Learning Human Knowledge by Singular Value Decomposition: A Progress Report 47 
(3) The matrix is then subjected to singular value decomposition (Berry, 1992): 
[ij] = [ik] [kk] [jk]' 
in which [ik] and [jk] have orthonormal columns, [kk] is a diagonal matrix of singular 
values, and k <= max (i,j). 
(4) Finally, all but the d largest singular values are set to zero. Pre-multiplication of the 
right-hand matrices produces a least-squares best approximation to the original matrix 
given the number of dimensions, d, (hidden units in a corresponding neural net model 
representation) that are retained. The SVD with dimension reduction constitutes a 
constraint-satisfaction induction process in that it predicts the original observations on the 
basis of linear relations among the abstracted representations of the data that it has 
retained. By hypothesis, the analysis induces human-like relationships among passages 
and words because humans also make inferences about semantic relationships from 
abstracted representations based on limited data, and do so by an analogous process. 
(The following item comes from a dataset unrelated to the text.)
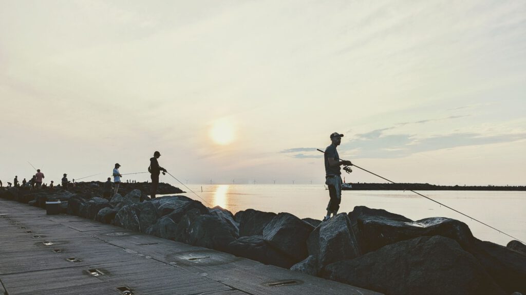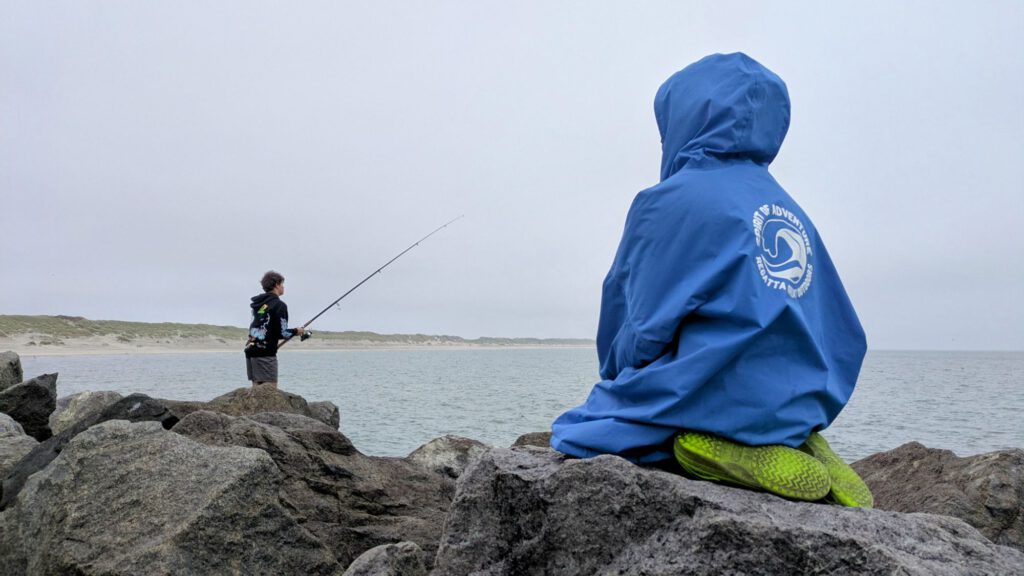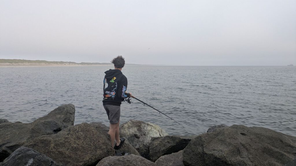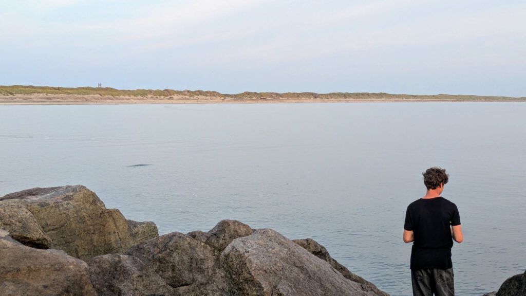 Nachdem Abendessen ging es nochmal an den Strand, erst zum buddeln und dann zum angeln. Auf der Mole tummelten sich eine Menge Angler, da es hier reichlich Makrelen gibt. Von einem netten Angler hat Iven auch das richtige Vorfach bekommen. Iven hat es lange probiert, aber leider keinen Erfolg gehabt. Manche Angler haben säckeweise Makrelen weg geschleppt. Abgesehen von menschlichen Anglern gab es auch entsprechend viele Möwen und einzelne Robben auf Fischfang zu beobachten.

In the result, each word and passage is represented as a vector of length d. Performance 
depends strongly on the choice of number of dimensions. The optimal number is 
typically around 300. The similarity of any two words, any two text passages, or any 
word and any text passage, are computed by measures on their vectors. We have most 
often used the cosine (of the contained angle between the vectors in semantic d-space) -- 
which we interpret as the degree of qualitative similarity of meaning. The length of 
vectors is also useful and interpretable. 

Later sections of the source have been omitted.